Statistical analysis
Categorical data were expressed using frequencies and percentages. Numerical data were described as the mean and standard deviation or the median and range, as appropriate. The chi-squared test was used to assess the association between KRAS status and patients' disease characteristics.
Kaplan-Meier (KM) survival curves and log-rank assessment were used to compare the OS of mutant KRAS vs. wild-type KRAS. Cox regression analysis was conducted and stratified by patients' sex, age, primary tumor location, metastatic site, and KRAS status, and HR were calculated. All statistical analyses were analyzed using Statistical Package for the Social Sciences (SPSS) version 25.0 (IBM Corp., Armonk, NY).
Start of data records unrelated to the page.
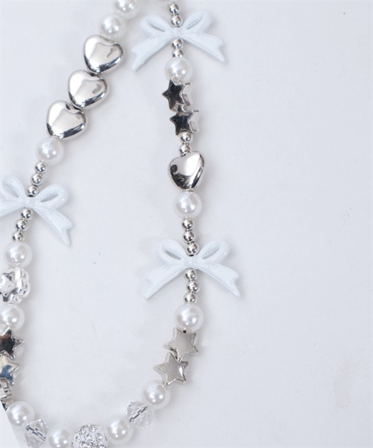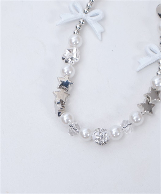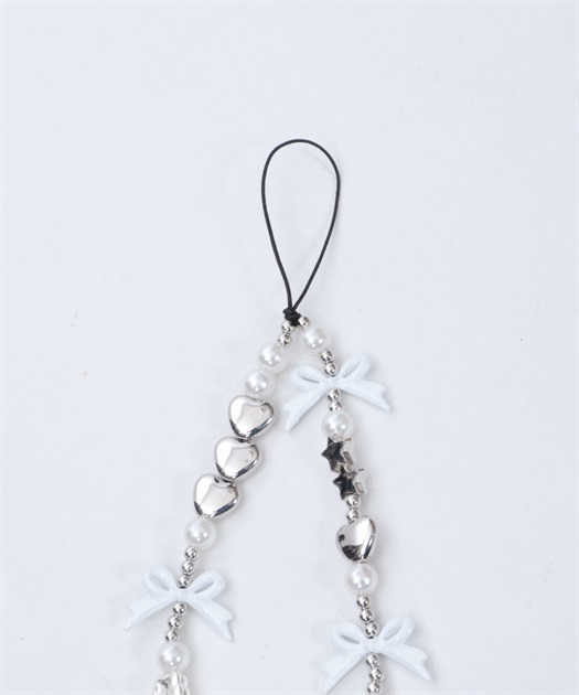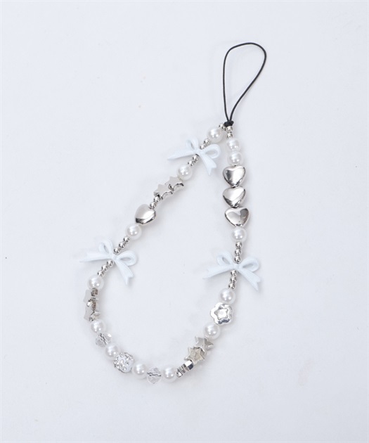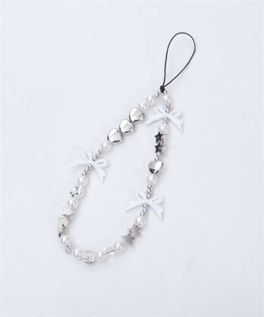 【アイテム説明】リボンビーズがアクセントのストラップ。バッグやスマートフォン、デジカメにつけてアクセントになるチャームです。【素材】裏地 なし透け感なし伸縮性なし
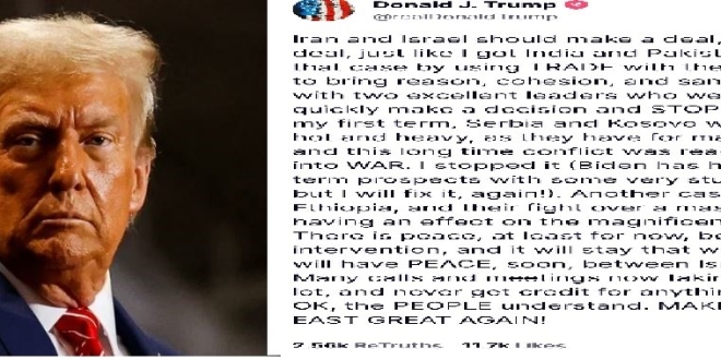 وكتب ترامب، "مثال آخر هو مصر وإثيوبيا وصراعهما حول سد ضخم يؤثر على نهر النيل العظيم"، وأن "هناك سلاما حاليا، على الأقل حتى الآن، بفضل تدخلي، وسيبقى كذلك!".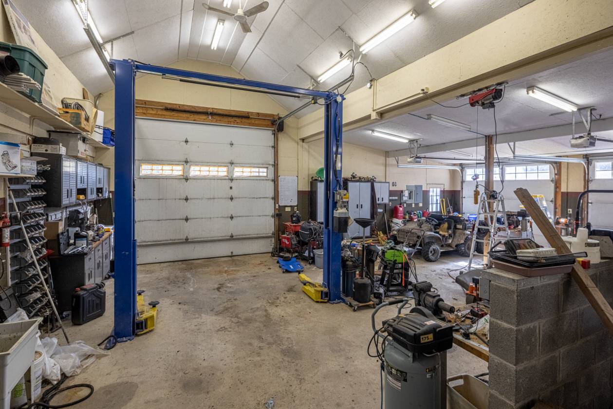 - 4-Bay garage w/car lift, storage cabinetry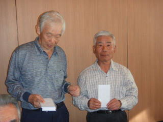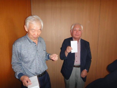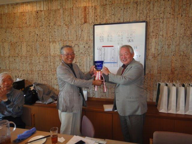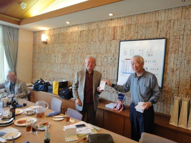 はじめてのお手合わせも多かった為、ペリアー方式で順位を競い優勝は勝負強い関東の森光泰夫君となりました。 今回は優勝とブービーのグロススコア−が同じという接戦でしたが、籤運に強いラッキーボーイが優勝という結果になりました。
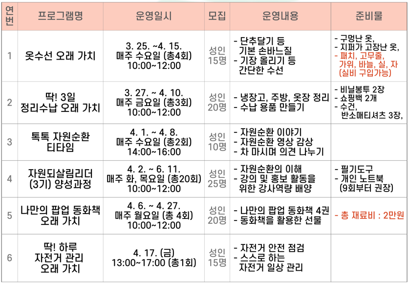 📅 신청 기간 및 방법 2026년 2월 27일(금)부터 선착순 접수 서대문구청 홈페이지 > 주요서비스 > 통합신청 https://www.sdm.go.kr/applyTotal.do 서대문구청 > 민원신청/발급 > 통합신청프로그램 서대문구청 > 민원신청/발급 > 통합신청프로그램 www.sdm.go.kr 통합신청은 개별 로그인 필수 📍 운영 장소 자원되살림센터(모래내로 369) 등 ...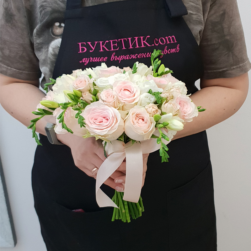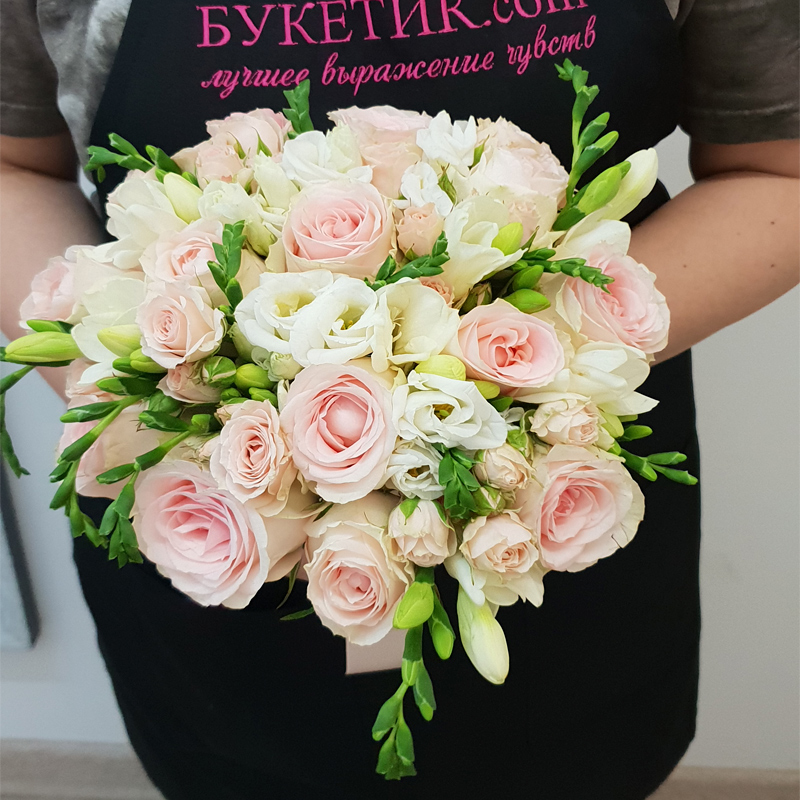 Роза нежно-розовая, фрезия белая, эустома белая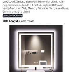LOAAO 36X36”LED Bathroom Mirror with Lights, Anti-Fog, Dimmable, Backlit + Front Lit, Lighted Bathroom Vanity Mirror for Wall, Memory Function, Temper$160Waddell, AZ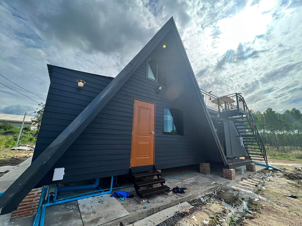 - แข็งแรงทนทาน โครงสร้างของบ้านทรงเอเฟรมมีความแข็งแรงและทนทานต่อแรงลมแรง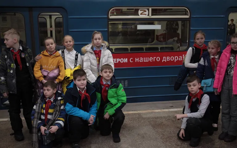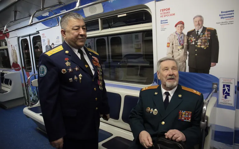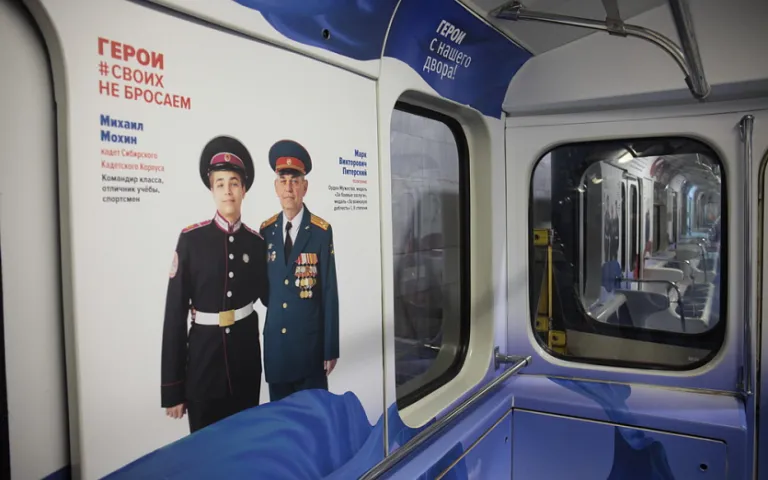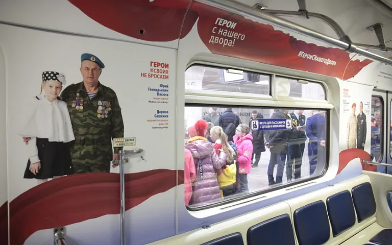 Это часть большого проекта — «Герои с нашего двора». Четыре вагона будут курсировать в метро около полугода.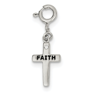 Sterling Silver CZ Faith Cross Clip-on Charm

A p-value of <0.05 was considered statistically significant.
Results
Descriptive statistics
Our final study participants included 120 patients with mCRC with a median age of 53.5 years (range = 19-83) (Table 1). The histogram distribution of age is shown in Figure 2.
Table 1. The mean and the median age of patients.
N: total number of study participants.
| Age | |
| N | 120 |
| Mean | 52.6 |
| Median | 53.5 |
| Standard deviation | 12.6 |
| Minimum | 19 |
| Maximum | 83 |
Figure 2. Age histogram.
N: total number of study participants.
Baseline descriptive statistics of the 120 patients showed the following: (1) 60.8% and 39.1% were males and females, respectively; (2) 82.5% of the primary tumor location was on the left side, whereas 17.5% was found on the right side; (3) the metastatic sites were liver only (47.5%), lung only (18.3%), liver and lung (12.5%), > two organs involved (2.5%), other (5.8%), and peritoneum (13.3%); (4) KRAS status was mutant (43.3%) and wild type (56.7%); (5) there were nine total different codons associated with KRAS mutation, and the most common was gly12asp (36.5%), followed by gly12val (23.1%) (Table 2).
Table 2. Baseline descriptive statistics of patient-tumor characteristics.
KRAS: Kirsten rat sarcoma viral oncogene homolog; Gly: glycine; Asp: aspartate; Val: valine; Ser: serine; Lys: lysine; Asn: asparagine; Cys: cysteine; Ala: alanine; Thr: threonine; Glu: glutamate.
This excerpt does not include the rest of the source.